El progresismo reclama el cambio de palabras, pues se ofende sus sentimientos políticamente correctos (perdón, correctxs)


Teníamos un idioma maravilloso, cada letra con su sonido preciso, determinado y sus muchas excepciones, cada una justificada debidamente. Durante siglos la gente lo había venido formando de forma tranquila, algunos cambios demoraron siglos en consolidarse. Viejas discusiones sobre el uso de la “i” o de la “y”, de la “h” (¿si es muda para qué existe?), se fueron zanjando, en algunos casos a favor del sentido común, en otros por respeto a la fonética, la etimología, la gramática, la semántica, en fin.
Hay letras que cuando están solas, son casi impronunciables, como la “c”, la “k” o suenan ridículas como la gutural “j” o la risible “l”. Entre todas hay una, la equis que directamente es imposible decirla, sin compañía de una vocal al menos. Como “éxito”, “extra” o “México”. Suena como “cs”, casi un ruido hecho con la boca.
Es claro que el idioma escrito cumple la función de que alguien lea lo que se puso en un papel o se envió por la computadora. Salvo que sean apuntes, en cuyo caso están permitidas todas las abreviaturas y los “palabros” que a uno se le ocurran. Pero si se redacta algo con la intención de que perdure, siempre se debe pensar en que otro lo leerá.
La escritura es un medio de comunicación que nos viene de unos 5000 años antes de Nuestro Señor Jesucristo. Empezó en forma de comunicación comercial y luego se fue perfeccionando de tal manera que cuando alguien quiso escribir la historia del asedio, la toma y el incendio de Troya y las andanzas posteriores de Odiseo, por primera vez halló un medio para hacerlo. Y parió el idioma puesto en otra forma que no fueron palabras dichas en el aire de un fogón, en un campamento, en el almuerzo familiar.
Llama la atención entonces, que luego de todo el pulimiento que tuvo el idioma español, lleguemos a un punto en que haya que inventar un sonido nuevo para la “x”. Por un capricho pseudo político de unos cuantos que se creen iluminados por la cultura de la cancelación, debemos esforzarnos en aprender su lectura cuando dicen “todxs”. ¿Se debe pronunciar “todcsos”, “todcsas” o cómo diablos hay que hacerlo para que no ofender sus castos oídos?
Veníamos avanzando medio a los tumbos, por cada Gabriel García Márquez, Mario Vargas Llosa, Jorge Luis Borges, había cientos o miles de pobres o mediocres escritores —entre los que honrosamente me cuento, con los paupérrimos, digo— que tiraban para atrás la literatura mundial. Algunos de los malos escritores tenían por ahí algún acierto que los hacía trascender las fronteras de su ciudad, su comarca. Pero el carro era llevado no solamente por la gente común, sino también por los que fundaban en cada libro casi un nuevo idioma con la genialidad de su pluma, daban vuelta reglas asignadas o imponían nuevos modismos que, con el tiempo se volvían coloquiales, comunes, corrientes.

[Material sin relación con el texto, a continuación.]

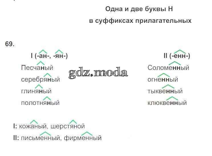 ГДЗ решение к заданию № 69 Русский язык 6 класс рабочая тетрадь Тростенцова Л.А. (к уч. Ладыженской) Экзамен 2018 Часть 1, Часть 2 ФГОС бесплатно на гдз.мода!

Contra ellos y quizás por una rebeldía provinciana, algunos se están dando a la tarea de hacer pedazos la belleza del idioma español, ideando nuevas formas de escritura que hasta son difíciles de tipear para un mecanógrafo experimentado. No solamente el “todxs”, sino también el “todos, todas, todes, todis y todus” han empobrecido la comprensión de cientos de miles de lectores que no saben si pensar que quien las escribe es un orate o un cretino, en el sentido médico psiquiátrico de ambos términos.
Es gente que tiene los tiquismiquis de las viejas tías de antaño, a quienes algunas palabras les herían los sentimientos: evitaban la palabra “teta” para referirse a la teta de las madres y decían “pecho”, no querían articular “fornicar” y preferían “hacen sus cositas”, el término “hembra” como femenino de “hombre”, lastimaba sus castos oídos. Y uno pensaba: “Todos los grandes premios Carlos Pellegrini que tiene corridos esta mujer, y mirá con lo que se viene a molestar”.

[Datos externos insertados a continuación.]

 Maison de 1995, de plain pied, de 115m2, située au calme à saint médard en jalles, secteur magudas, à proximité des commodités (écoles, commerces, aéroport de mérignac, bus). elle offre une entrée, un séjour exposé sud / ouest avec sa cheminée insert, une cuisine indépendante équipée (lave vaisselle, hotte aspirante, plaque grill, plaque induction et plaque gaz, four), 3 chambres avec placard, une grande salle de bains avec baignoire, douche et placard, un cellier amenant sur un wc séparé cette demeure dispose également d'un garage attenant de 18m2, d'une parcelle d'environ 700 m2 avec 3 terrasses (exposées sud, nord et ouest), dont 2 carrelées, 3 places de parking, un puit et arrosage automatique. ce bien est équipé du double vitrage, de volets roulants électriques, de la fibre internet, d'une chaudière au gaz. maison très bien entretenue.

El progresismo actual, que reivindica uno por uno los más de 100 mil asesinatos cometidos por la izquierda en todo el mundo durante el siglo pasado y lo que va de este, se ofende si alguien dice “todos los hombres del mundo”, porque según ellos, supuestamente la expresión no incluye a las mujeres. Pretenden tirar abajo toda la literatura mundial a fuerza de obligar al uso de un nuevo idioma que reclama cada vez más adeptos para sus términos, salidos del manual del resentido crónico.
Por ahora solamente piden adhesiones, más adelante será una obligación surgida de la ley y al final mandarán a la cárcel a quienes hablen o escriban como el pueblo llano. Habrá que traducir a todos los grandes escritores, desde José Hernández hasta Leopoldo Lugones (ya no será “la casita del hornero” sino la casita del hornero, la hornera, le hornere y le horner@”) pasando por Rubén Darío y la Sonatinx (“lx Princesx está triste, qué tendrá lx Princesx”), y el resto, repleto de los lugares comunes del machismo y la falta de empatía con las luchas femeninas actuales.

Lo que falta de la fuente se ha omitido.